And there they were, two college graduates and a pseudo-Hollywood executive, bums on the streets of Southern California, displaced from their own fairy tale lives. Together, the three of them went to Saul Goldstein’s house to stay in Mendocino County, California. Saul was a nervous, freckly-faced audio-visual expert in high school whom Len had somehow, by what was mishap and now seemed like a good stop on Fortuna’s wheel, a lucky deal of kismet, kept in touch with Saul over the years to make sure, if at the very least, he was not found as a windsock in a windless barn. Len had, when Saul opened the front door of his perfectly charming, viable and seemingly self-sustaining brick home to greet his houseguests, expected to see the too frail, too blemished, too self-destructive Saul he had remembered from high school. But Saul seemed to be doing just fine from what Len noticed at a welcoming glance. Saul had ameliorated his unsightliness (which had had him arrested a time or two on the streets for indecent exposure) to a degree of average, but what struck Len, especially amidst the social turmoil that had brought the trio of vagrants to his doorstep, was how well rested and calm Saul was. There were no Asian accents decorating his home, which would have led Len to believe Saul’s apparent wealth of inner peace had been a result of Eastern practices; in fact, Saul’s house reeked of simplicity, even parsimony, to Len. They drank tea together upon settling down, though, but it was not a potent blend of Oriental anything that might induce one into a deeper sense of self-awareness, just Lipton. The three little vagabonds each had a cup, but Saul had three or four, or five or seven, with each pour from the kettle in the kitchen reusing the tea bag. Minnie and Joab had noticed this and commented on this Saul’s slight idiosyncrasy, wondering if the tea loses its flavor.
“Waste not, want not, “ said Saul, tipping his chin up long before the teacup reached his lips.
“That’s an interesting saying,” Len said, with semi-childlike interest, “Do you have any others?”
“Nothing I’m sure you haven’t already learned,” Saul said, staring into the depths of his pale brown tea, dissolving into it another sugar cube.
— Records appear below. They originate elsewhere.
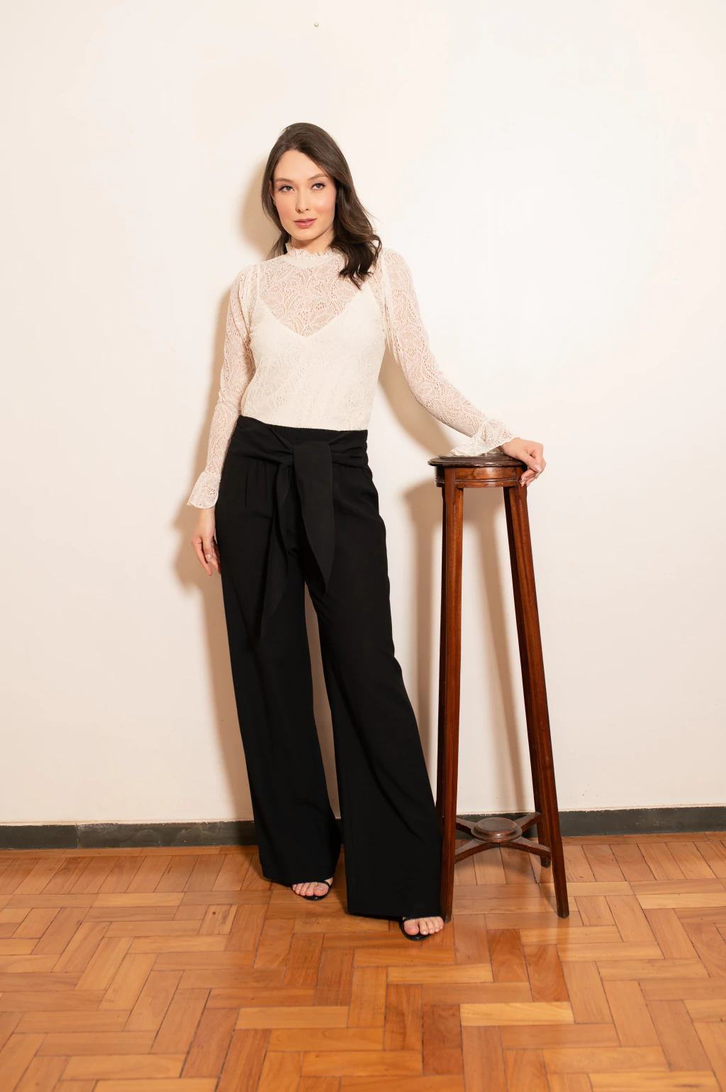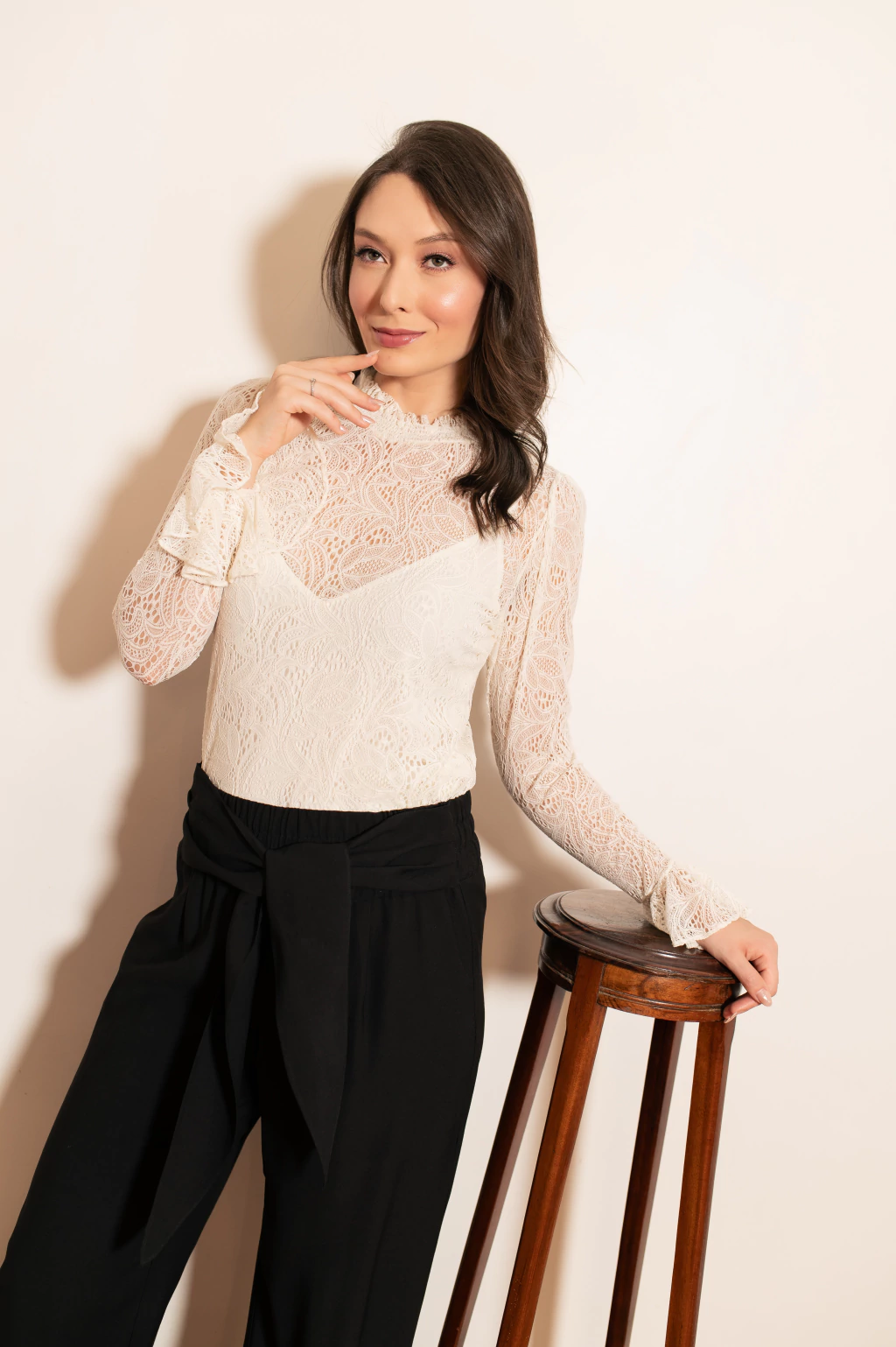 Esta blusa em renda off white possui uma gola levemente alta em renda franzida, mangas longas e um delicado babado no punho, trazendo um toque romântico ao seu visual.
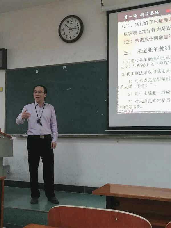 23日下午,专家组专家对曾大庆老师主讲的《刑法学》(总论)进行听课考察,曾大庆老师讲授的内容是犯罪的未遂部分。听课专家认为,曾大庆老师准备充分,讲课认真,在讲授中注意理论讲授与实践案例的结合,使本枯燥乏味的理论变得生动有趣;在课堂上注意调动学生积极性,互动较多,效果良好,值得肯定。
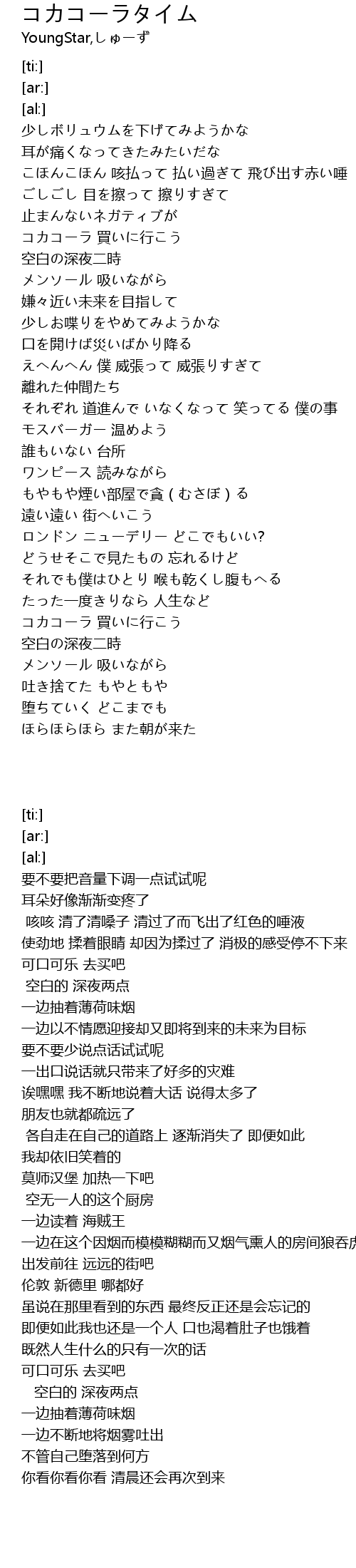 | [01:05.08] | コカコーラ 買いに行こう |
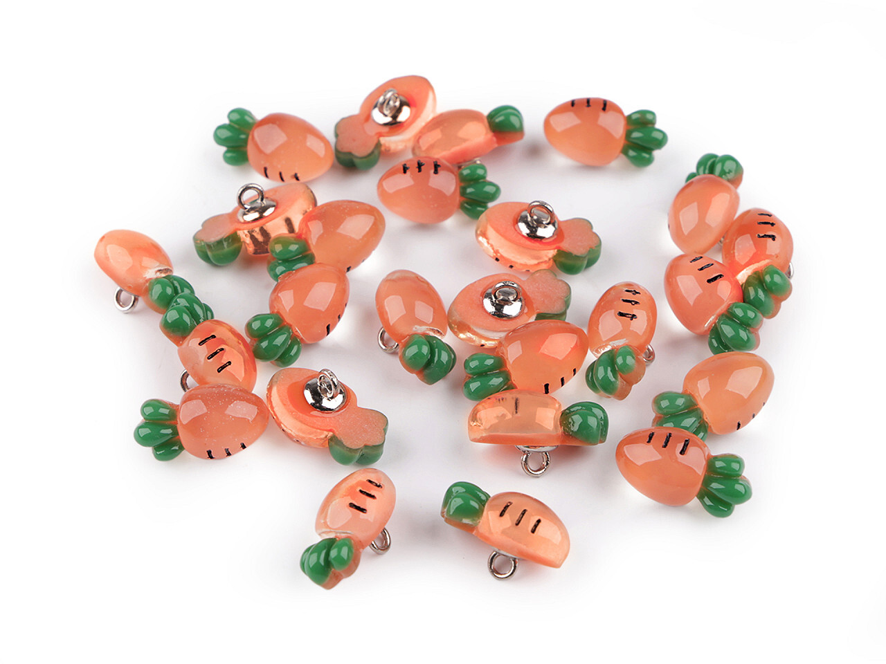 Knoflík 3D mrkev velikost 26" - 25 ks - 2 oranžová mrkvová
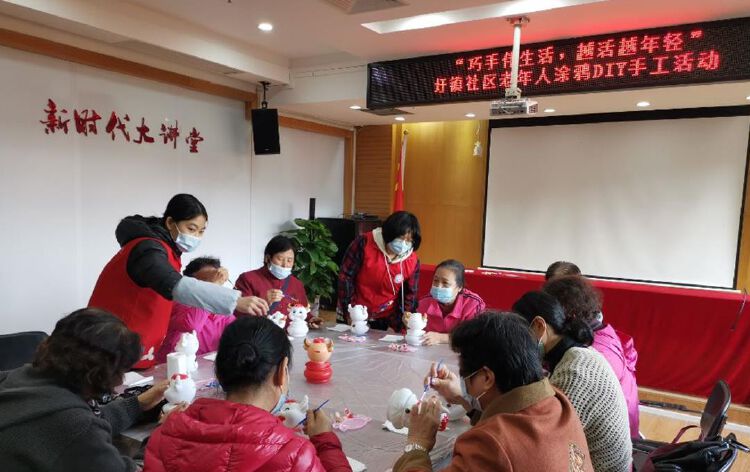 为加强邻里互动,鼓励社区长者自我调适、积极投身社会生活,在圩镇社区党委的领导下,新现代驻圩镇社区党群服务中心的社工近日开展了“巧手伴生活,越活越年轻”老年人涂鸦DIY手工活动。
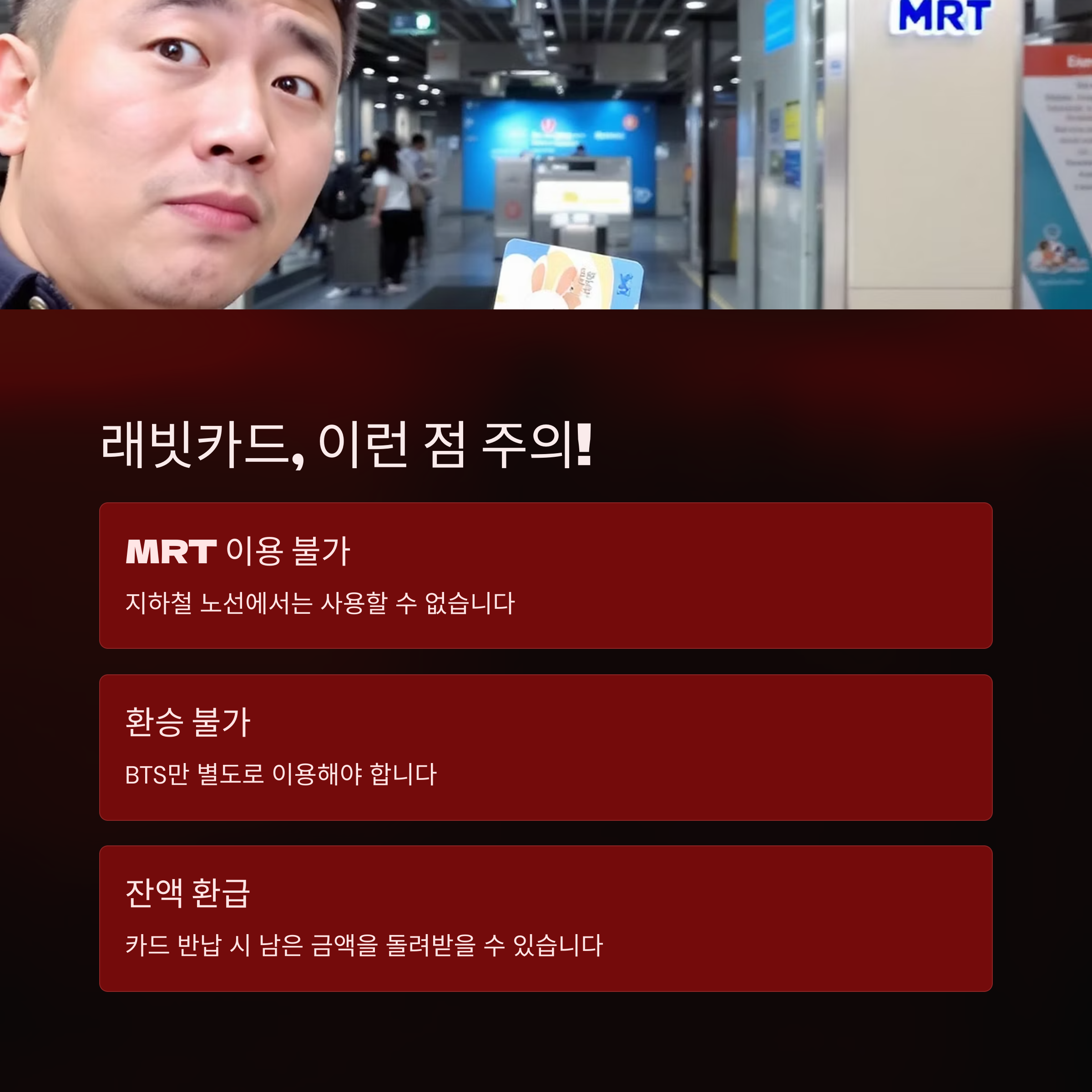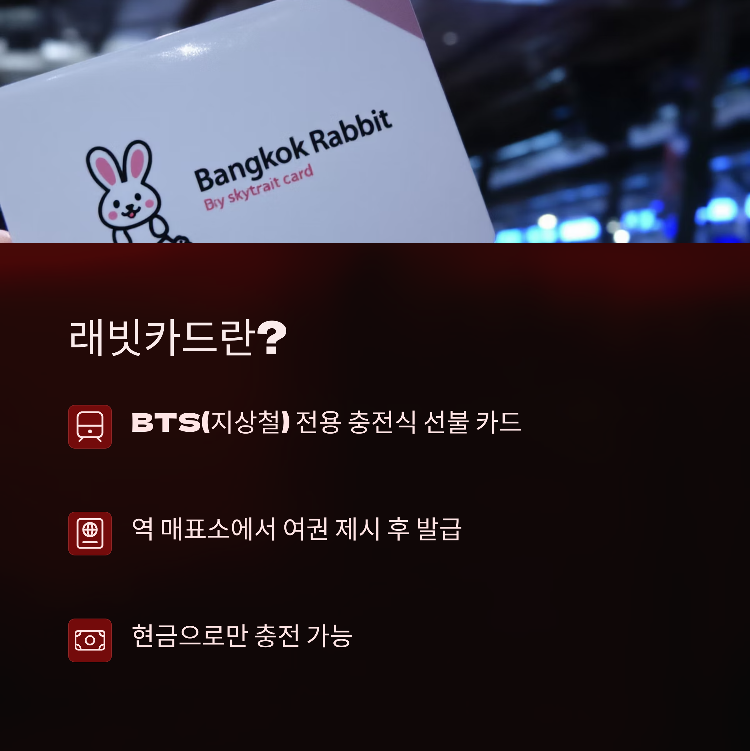 | BTS 역에서 여권 제시 후 구입 가능하며, 현금 충전 필요 | MRT, ARL 등 컨택리스 단말기 있는 곳에서 즉시 사용 가능 | BTS만 이용할 경우 래빗카드, 다양한 노선은 트래블월렛 |

“What is it that you do,” asked Minnie, leaning into the conversation.
“I’m retired.”
“Retired!” punctuated Len, “You’re my age, give or take, it’s only been twelve years, give or take, since we graduated together. You must have made a killing somewhere, was it the market? You must have an astounding portfolio, though if that’s the case your abode might look into the finer things, like a flat screen, a Porsche, and fine cigars!”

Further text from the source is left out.